We have fixed the close of business on
March 1, 2010 as the record date for shareholders entitled to notice of and to
vote at our annual meeting. Only holders of record of Banner’s common
stock on that date are entitled to notice of and to vote at the annual
meeting. You are entitled to one vote for each share of Banner common
stock you own. On March 1, 2010, there were 22,509,931 shares of
Banner common stock outstanding and entitled to vote at the annual
meeting.
How
Do I Vote at the Annual Meeting?
Proxies are solicited to provide all
shareholders of record on the voting record date an opportunity to vote on
matters scheduled for the annual meeting and described in these
materials. You are a shareholder of record if your shares of Banner
common stock are held in your name. If you are a beneficial owner of
Banner common stock held by a broker, bank or other nominee (i.e., in "street
name"), please see the instructions in the following question.

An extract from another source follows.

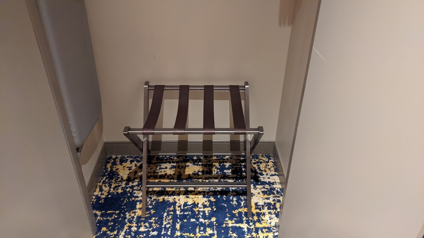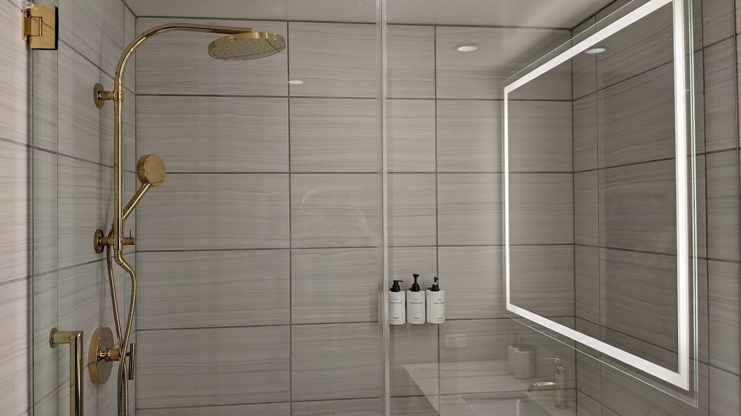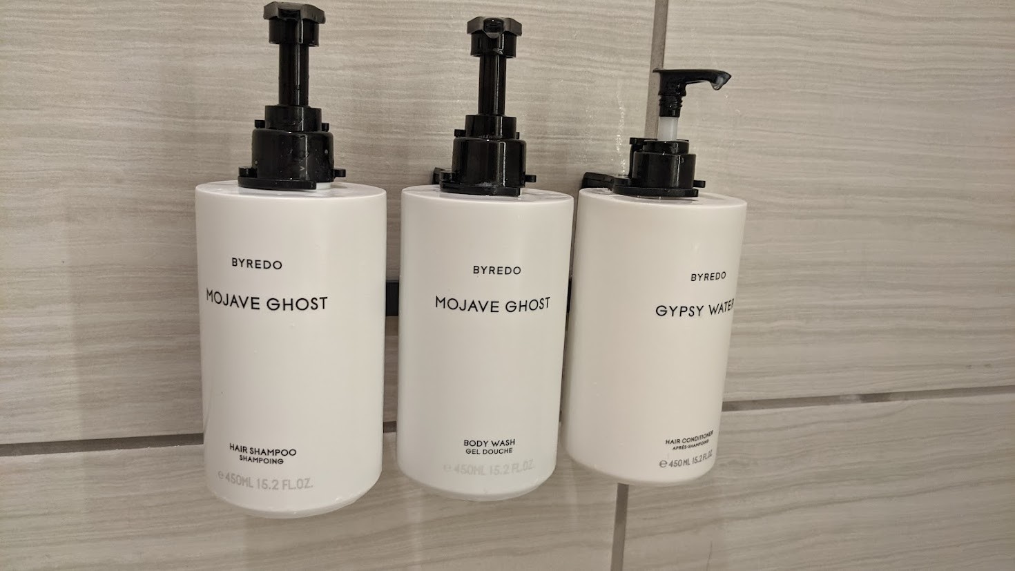 There was a small table and upholstered chair against the window. Inside the closet were an iron, ironing board, and a single luggage rack. The bathroom is also basic but modern, with a walk-in shower and pump dispensers for lotion and cleansers. Unlike other Vegas hotels in which dispenser bottles are secured in locked holders to ward off pranksters, these ones can be tampered with. So use the provided toiletries at your own risk.

Shares of Banner common stock can only
be voted if the shareholder is present in person or by proxy at the annual
meeting. To ensure your representation at the annual meeting, we
recommend you vote by proxy even if you plan to attend the annual
meeting. You can always change your vote at the meeting if you are a
shareholder of record.
This year, shareholders may vote by
proxy via the Internet or a toll-free telephone number, or by mailing a proxy
card. Instructions for voting are found on the proxy
card. Shares of Banner common stock represented by properly executed
proxies will be voted by the individuals named on the proxy card in accordance
with the shareholder’s instructions. Where properly executed proxies
are returned to us with no specific instruction as how to vote at the annual
meeting, the persons named in the proxy will vote the shares "FOR" election of
each of our director nominees, "FOR" approval of the compensation of our named
executive officers, "FOR" ratification of the selection of Moss Adams LLP as our
independent auditor and "FOR" the amendment of the Articles of
Incorporation to increase the authorized number of shares of common
stock. If any other matters are properly presented at the annual
meeting for action, the persons named in the enclosed proxy and acting
thereunder will have the discretion to vote on these matters in accordance with
their best judgment. We do not currently expect that any other
matters will be properly presented for action at the annual
meeting.
You may receive more than one proxy
card depending on how your shares are held. For example, you may hold
some of your shares individually, some jointly with your spouse and some in
trust for your children. In this case, you will receive three
separate proxy cards to vote.
What
if My Shares Are Held in Street Name?
If you are the beneficial owner of
shares held in "street name" by a broker, your broker, as the record holder of
the shares, is required to vote the shares in accordance with your
instructions. If you do not give instructions to your broker, your
broker may nevertheless vote the shares with respect to discretionary items, but
will not be permitted to vote your shares with respect to non-discretionary
items, pursuant to current industry practice. In the case of
non-discretionary items, the shares not voted will be treated as "broker
non-votes." The proposal to elect directors is considered a
non-discretionary item under the rules governing brokers that are members of the
New York Stock Exchange; therefore, you must provide instructions to your broker
in order to have your shares voted in the election of directors.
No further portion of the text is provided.